Development of highly polymorphic simple sequence repeat markers using genome-wide microsatellite variant analysis in Foxtail millet [Setaria italica (L.) P. Beauv.]
1 Institute of Crop Sciences, Chinese Academy of Agricultural Sciences, Beijing 100081, China
2 National Center for Gene Research, Institute of Plant Physiology and Ecology, Shanghai Institutes for Biological Sciences, Chinese Academy of Sciences, Shanghai 200233, China
3 National Center for Plant Gene Research, State Key Laboratory of Plant Genomics, Institute of Genetics and Developmental Biology, Chinese Academy of Sciences, Beijing 100101, China
4 College of Life Science, Hebei Normal University, Shijiazhuang 050012, China
5 College of Agronomy, Shanxi Agricultural University, Jinzhong 030801, China
BMC Genomics 2014, 15:78 doi:10.1186/1471-2164-15-78Published: 28 January 2014
Foxtail millet (Setaria italica (L.) Beauv.) is an important gramineous grain-food and forage crop. It is grown worldwide for human and livestock consumption. Its small genome and diploid nature have led to foxtail millet fast becoming a novel model for investigating plant architecture, drought tolerance and C4 photosynthesis of grain and bioenergy crops. Therefore, cost-effective, reliable and highly polymorphic molecular markers covering the entire genome are required for diversity, mapping and functional genomics studies in this model species.
A total of 5,020 highly repetitive microsatellite motifs were isolated from the released genome of the genotype 'Yugu1’ by sequence scanning. Based on sequence comparison between S. italica and S. viridis, a set of 788 SSR primer pairs were designed. Of these primers, 733 produced reproducible amplicons and were polymorphic among 28 Setaria genotypes selected from diverse geographical locations. The number of alleles detected by these SSR markers ranged from 2 to 16, with an average polymorphism information content of 0.67. The result obtained by neighbor-joining cluster analysis of 28 Setaria genotypes, based on Nei’s genetic distance of the SSR data, showed that these SSR markers are highly polymorphic and effective.

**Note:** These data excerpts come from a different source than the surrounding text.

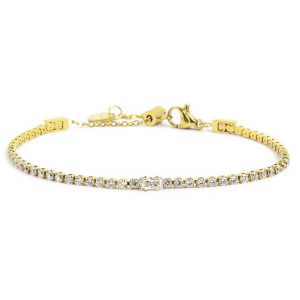 Bracciale con catena tennis 2 mm con cubic zirconia bianchi, con al centro baguette cubic zirconia bianco. Lunghezza totale 19 cm regolabile tramite cursore da 19 cm a 15 cm. Chiusura a moschettone. Marlù logo tag presente all' estremità. Collezione: BEW16
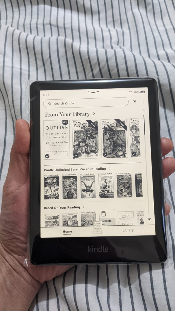 After months (more like years) of spying, looking, thinking, reading reviews, asking for opinions; I finally got my hands on Amazon Kindle – Paperwhite 16GB 11th Gen to be exact.
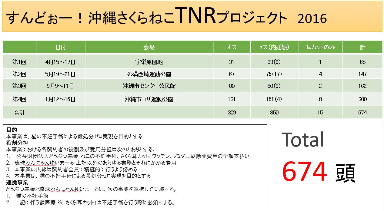 2012~18沖縄さくらねこ無料不妊手術実績更新しました
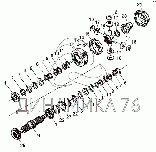Перечень комплектующих от Дифференциал межосевой 6923-2506010 на МЗКТ-69234
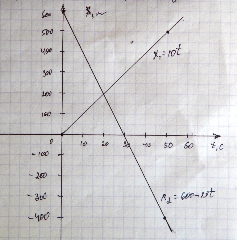 Автобус и мотоциклист движутся навстречу друг другу со скоростями соответственно 10 и 20м/с. Расстояние между ними в момент начала наблюдения равно 600м. Считая, что ось Х направлена в сторону движения автобуса и при t=0 положение автобуса совпадает с началом отсчёта, написать для автобуса и мотоциклиста уравнения х=х(t). Изобразить эти зависимости в виде двух графиков на одном чертеже(рекомендуемые масштабы: в 1см 100м, в 1см 10с
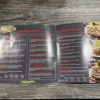 Menu Appetizers Twisted Garlic Bread $8 Our signature fresh made garlic bread coated with butter and parmesan cheese Twisted Jalapeno Poppers $10. Menu 2459,118,13,47 Twisted. Pizza Twist Popular Items Appetizers/Sides Soups/Salads Pasta Vegan Pizza Twist Paneer Pizza Twist Chicken Pizza Twist Halal Pizza Twist Twisted Chicken Traditional Pizza RED SAUCE, CHEESE, HAM, PINEAPPLE RED SAUCE, CHEESE, PEPPERONI, HAM, MUSHROOMS, ONIONS, BLACK OLIVES,.
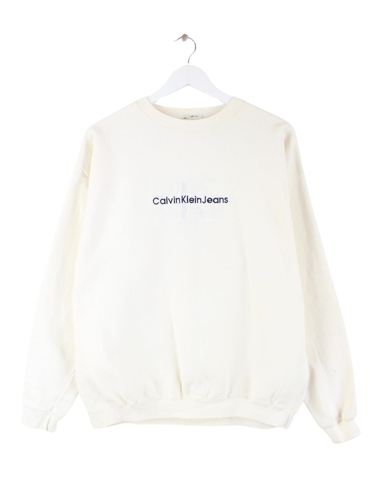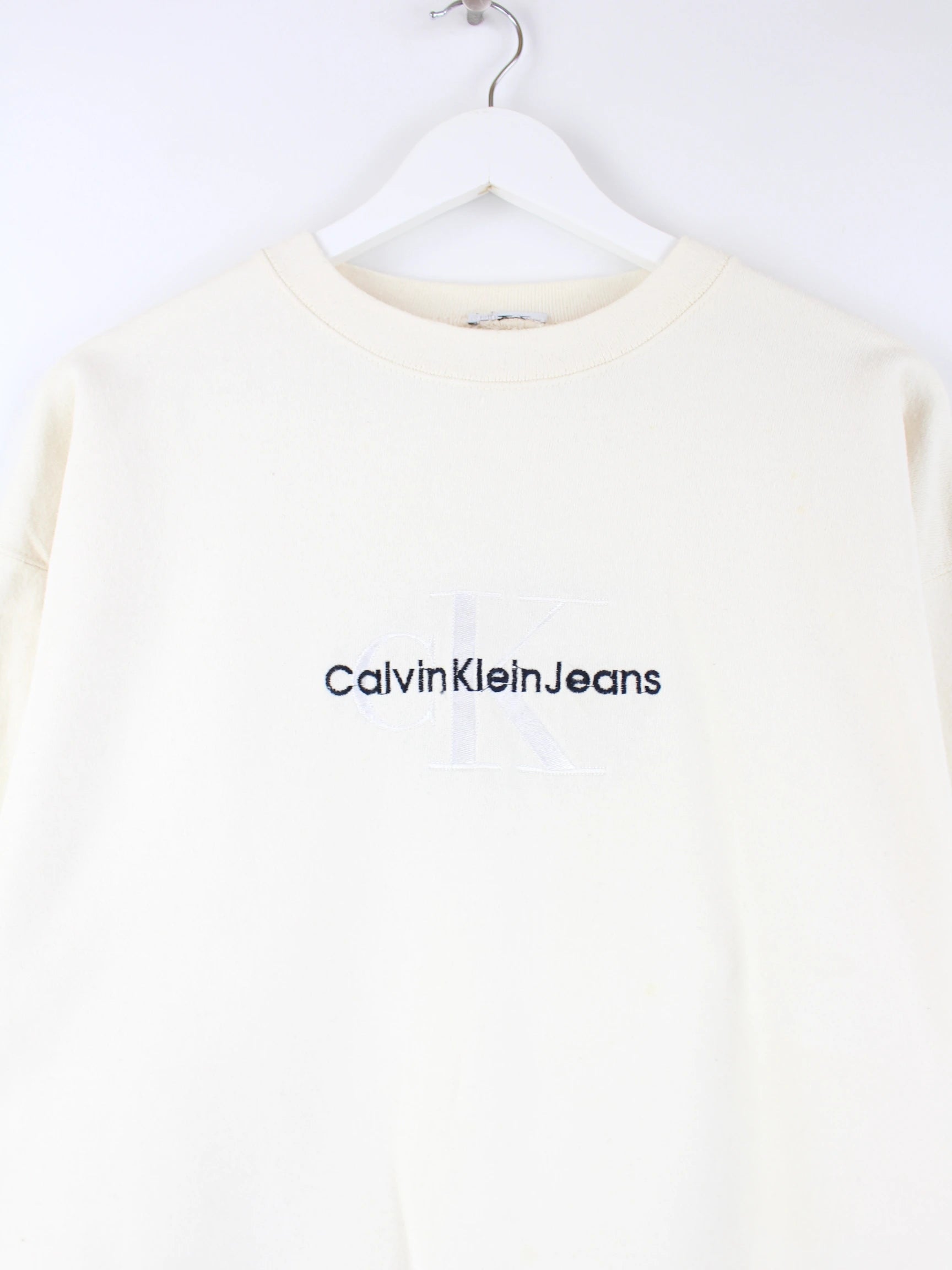 Calvin Klein 90s Vintage Big Logo Sweater Beige M
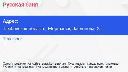 Русская баня по адресу Тамбовская область, Моршанск, Заслонова, 2а в дальнейшем Организация, размещена в следующих категориях:

A large set of highly polymorphic SSR markers were successfully and efficiently developed based on genomic sequence comparison between different genotypes of the genus Setaria. The large number of new SSR markers and their placement on the physical map represent a valuable resource for studying diversity, constructing genetic maps, functional gene mapping, QTL exploration and molecular breeding in foxtail millet and its closely related species.